Moore, on the other paw, is a complete obsessive. No doubt he partakes fully of the sacred ganja (if his riddims aren’t proof enough, his relocation to Holland clinches it), but the weed hasn’t confined him to his hammock.

Witness that any of Moore’s numerous nearly all-instrumental Twilight Circus Dub Sound System records will take you straight past rote cant and into the pumping heart of Jah. It’s territory where resistance is far from futile, where the persistence of the subterranean bass pulse and the endless variety of nerve-bristling sound effects make you feel that revolution is possible, and where ingeniously orchestrated fugues of reverb ensconce your lonely head in a universal cathedral echoing with communal affirmations.

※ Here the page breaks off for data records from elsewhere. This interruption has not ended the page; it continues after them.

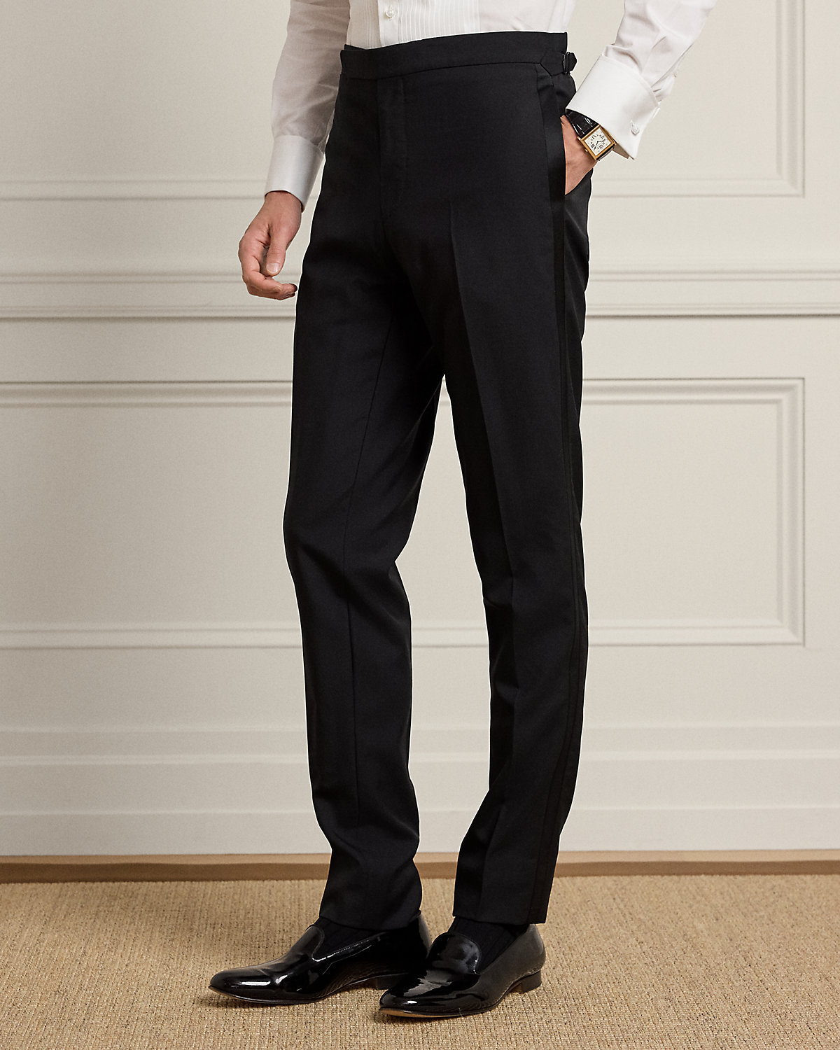 Masterfully hand-tailored in Italy, these tuxedo trousers exemplify Purple Label's commitment to sartorial excellence through their use of bespoke wool barathea, custom-developed to meet our exacting standards. The refined fabric and impeccable craftsmanship represent the pinnacle of formal elegance.
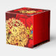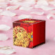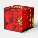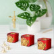 Design of Chinese peonies + golden Rabbit paper-cut circle (image printed) + Large red peony + Happy New Year in Chinese and English + customisable 2023 + Family Name and message to customise onto a red background with auspicious clouds. Design on cube favour box. Perfect for Chinese New Year of the Rabbit 2023.
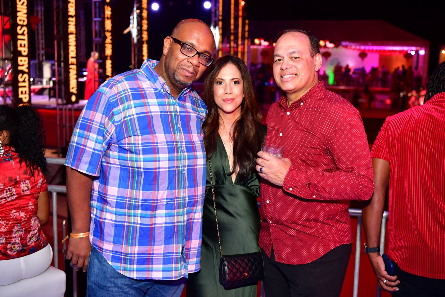 Warm Welcome LCH Developments CEO Yangsen Li (left) greeted CEO & Managing Director of Seprod Group Richard Pandohie and his Jamaica Food + Drink Festival co-director wife Nicole on arrival.Aceion Cunningham
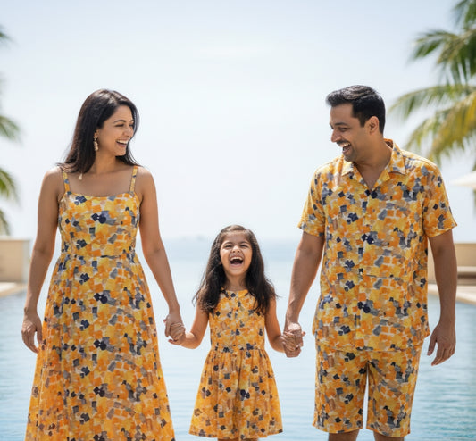Family Matching Co Ord Set –Pool Party Combo Mustard– Printed
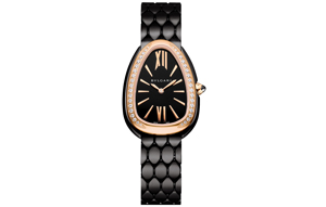 In 2019, Bulgari has reimagined one of its legends in a slimmer and equally sensual case, sporting a bracelet with hexagonal scales. The Serpenti has thus been transformed into the Serpenti Seduttori. The model now appears attired in black, the ‘non-colour’ that is at once historical and futuristic. Its case features the distinctive teardrop-shaped watch head, while its supple, second skin-like bracelet gently hugs the wrist. The two references convey a strong message, a glamour manifesto in a 33 mm steel case featuring a DLC treatment with powerfully complimentary black textures. Its rose gold bezel makes a perfect match with the dark side of the timepiece, available in either a classic edition or in a flamboyant iteration set with 38 round brilliant-cut diamonds (0.38ct). Both treasures house a quartz movement and are fitted with a dainty and ingenious folding clasp.
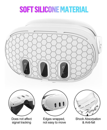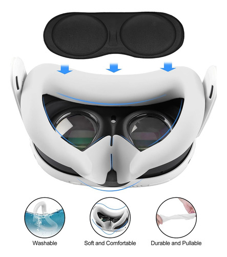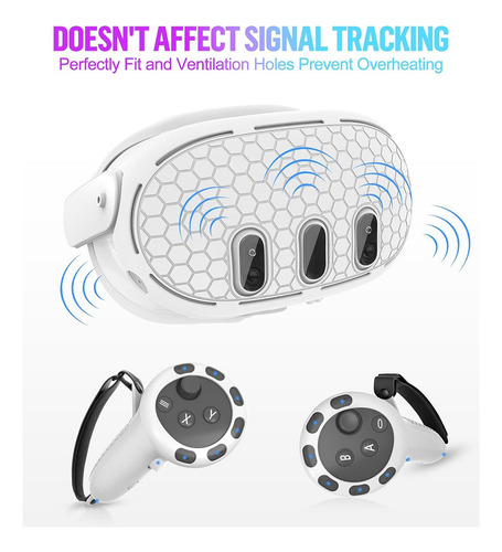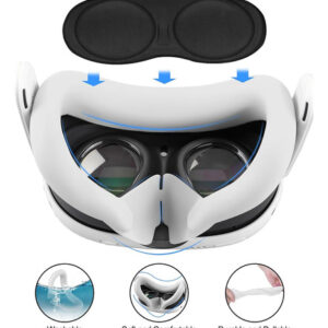 Conforto aprimorado da capa facial: a capa facial é feita de borracha macia e respirável, ajuda a manter uma realidade virtual limpa meio ambiente evitando suar seu Quest 3.
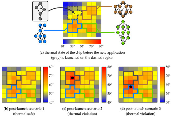 - Pourmohseni, B.; Smirnov, F.; Khdr, H.; Wildermann, S.; Teich, J.; Henkel, J. Thermally Composable Hybrid Application Mapping for Real-Time Applications in Heterogeneous Many-Core Systems. In Proceedings of the IEEE Real-Time Systems Symposium (RTSS), Hong Kong, China, 3–6 December 2019; pp. 220–232. [Google Scholar]
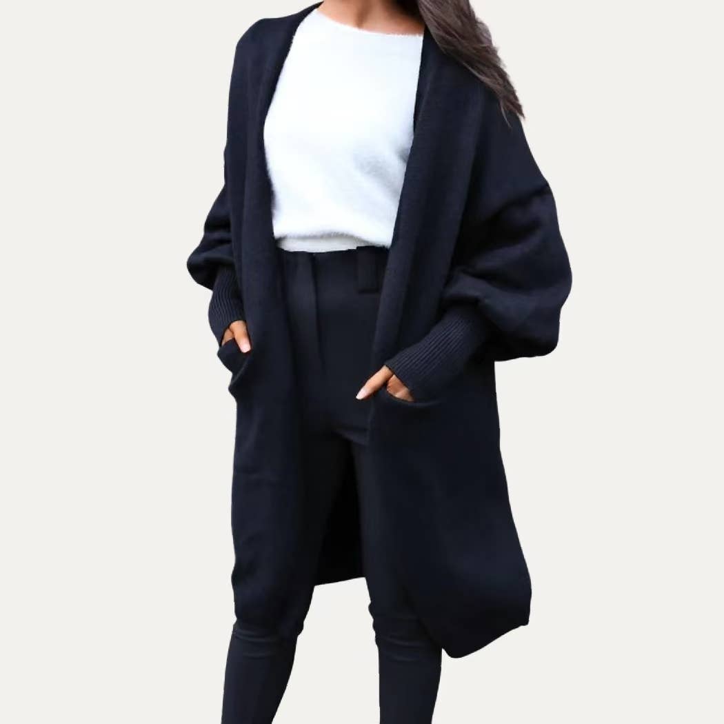 *FEATURES: Mid-weight/Stretchy sweater knit/Open front/Drop shoulders/Long balloon sleeves with fitted cuffs/Two pockets
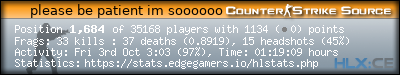 1 | =(eGO)= | DUST2 | NO AWPS/AUTOS | EdgeGamers.com | 33 | 100.00% | 37 | 0.8919 | 15 | 100.00% | 0.4545 |

Though Moore is a traditionalist, he’s no stiff revivalist; for him, authenticity means being true to himself, which means being true to what first fired his childhood mind in the dub of King Tubby, Scientist, Tappa Zukie and the rest. That is, he knows what works, and he knows what’s been lost -- Moore’s jones for analog sound has a musicianly motive as well as a historical one. While stories of Lee “Scratch” Perry logging thousands of recordings on a basic four-track machine make us think of dub as caveman stuff, many of its late-‘70s Jamaican originators were actually technical avantists, designing amps and speakers for a maximum physical impact that digital equipment is only beginning to match. You really feel Twilight Circus music, which comes across powerfully on CD but sounds most at home on the vinyl discs, weighty as pig iron, on which most of the albums are also available.

In a way, dub is a misnomer for Moore’s well-considered structures. But dub, as currently defined in relation to the art of mix improv, is a misnomer too, since the term comes from the unmixable acetate “dubs” of instrumental tracks (stripped of their vocals), which could be used for toasting or whatever. Most of the time, Moore composes instrumentals using one or two repeating figures on bass (his main instrument), and then lets his imagination rip on the arrangements, which undulate for three to five minutes with a smoothly mutating character unlike that of Tubby’s creations, which often shock the ears with unpredictable dropouts that leave one or two instruments floating in the void.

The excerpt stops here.